I am using a Deferred Rendering engine from Catalin Zima's tutorial:
His lighting shader returns the color of the light in the rgb channels and the specular component in the alpha channel. Here is how light gets accumulated:
Game.GraphicsDevice.SetRenderTarget(LightRT);
Game.GraphicsDevice.Clear(Color.Transparent);
Game.GraphicsDevice.BlendState = BlendState.AlphaBlend;
// Continuously draw 3d spheres with lighting pixel shader.
...
Game.GraphicsDevice.BlendState = BlendState.Opaque;
MSDN states that AlphaBlend field of the BlendState class uses the next formula for alphablending:
(source × Blend.SourceAlpha) + (destination × Blend.InvSourceAlpha),
where "source" is the color of the pixel returned by the shader and "destination" is the color of the pixel in the rendertarget.

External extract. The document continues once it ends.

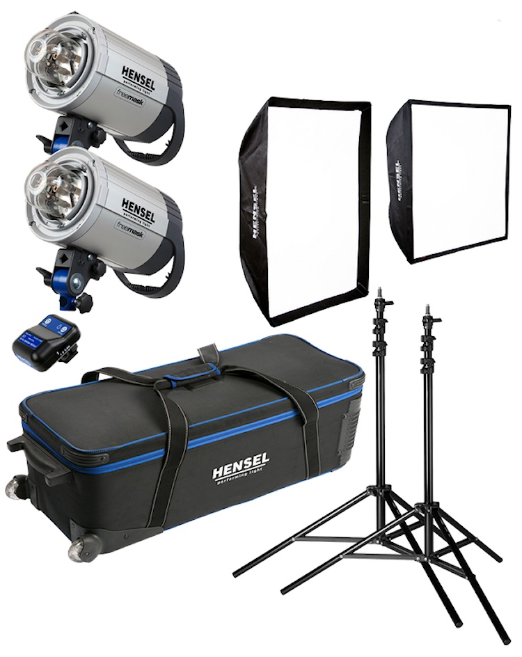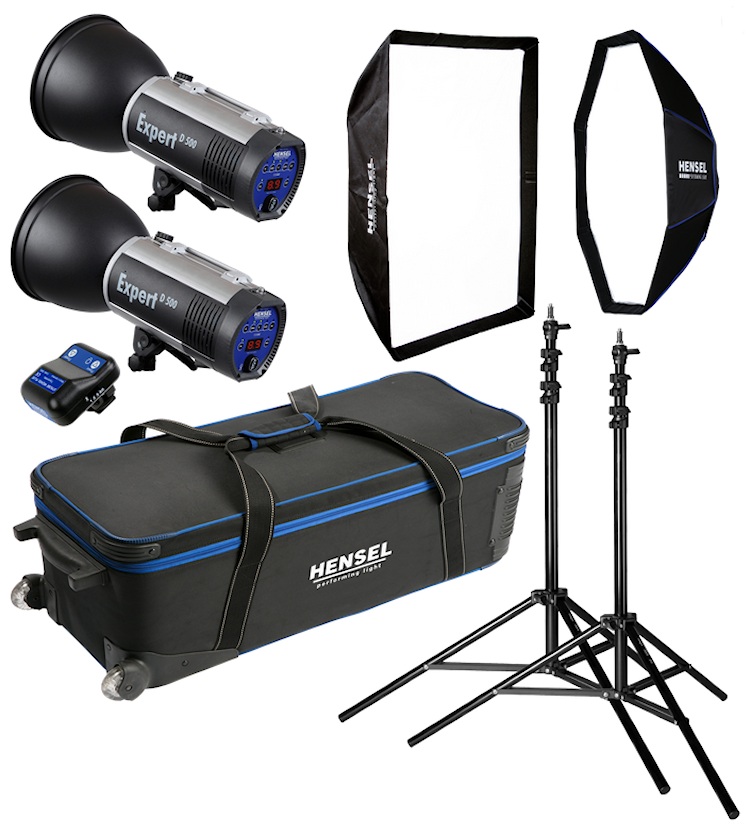 Die beiden Angebote sind interessant für Ein- und Aufsteiger. Der erste der beiden Kits ist vor allem für den Einsteiger und das kleine Porträtstudio gedacht. Hier wird vor allem mit den beiden mitgelieferten Softboxen E 90x90cm und E 80×100 cm gearbeitet – die beiden Normalreflektoren müssen als Option dazugekauft werden. Das Gerät hat eine Leistung von 500 Joule, jedoch eine längere Blitzwiederholzeit und Abbrenndauer als das Hensel Expert D 500 des zweiten Kits (siehe unten).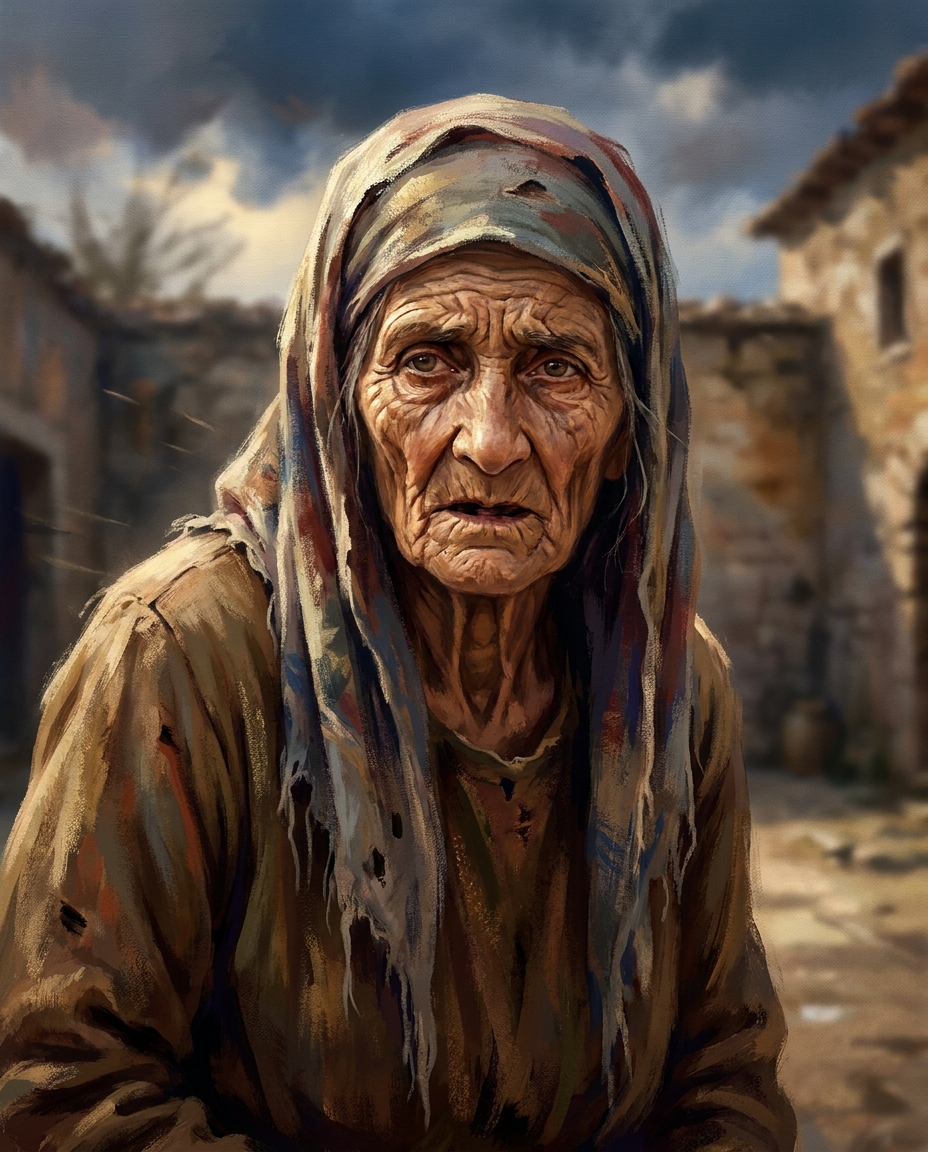 Старуха радушно приняла путника. За разговором выяснилось, что её единственный сын служит садовником в гранатовом саду Нигяр-ханум. Кероглу принял это за доброе предзнаменование. Ночью старуха не спала и в конце концов призналась, что гость совсем не похож на здешних людей. Перебирая имена богатырей, она наконец спросила: «А вдруг ты Кероглу?» — и услышала в ответ: «Вот теперь угадала». Старуха упала без чувств. Кероглу привёл её в себя водой, успокоил и рассказал о жизни в Ченлибеле. Он взял с неё слово хранить тайну, пригрозив, что рука его достанет её хоть на дне морском.

My question is why do my colors are accumulated correctly in the Light rendertarget even when the new pixels' alphas equal zero? As a quick sanity check I ran the following code in the light's pixel shader:
float specularLight = 0;
float4 light4 = attenuation * lightIntensity * float4(diffuseLight.rgb,specularLight);
if (light4.a == 0)
light4 = 0;
return light4;
This prevents lighting from getting accumulated and, subsequently, drawn on the screen. But when I do the following:
float specularLight = 0;
float4 light4 = attenuation * lightIntensity * float4(diffuseLight.rgb,specularLight);
return light4;
The light is accumulated and drawn exactly where it needs to be. What am I missing? According to the formula above:
(source x 0) + (destination x 1) should equal destination, so the "LightRT" rendertarget must not change when I draw light spheres into it!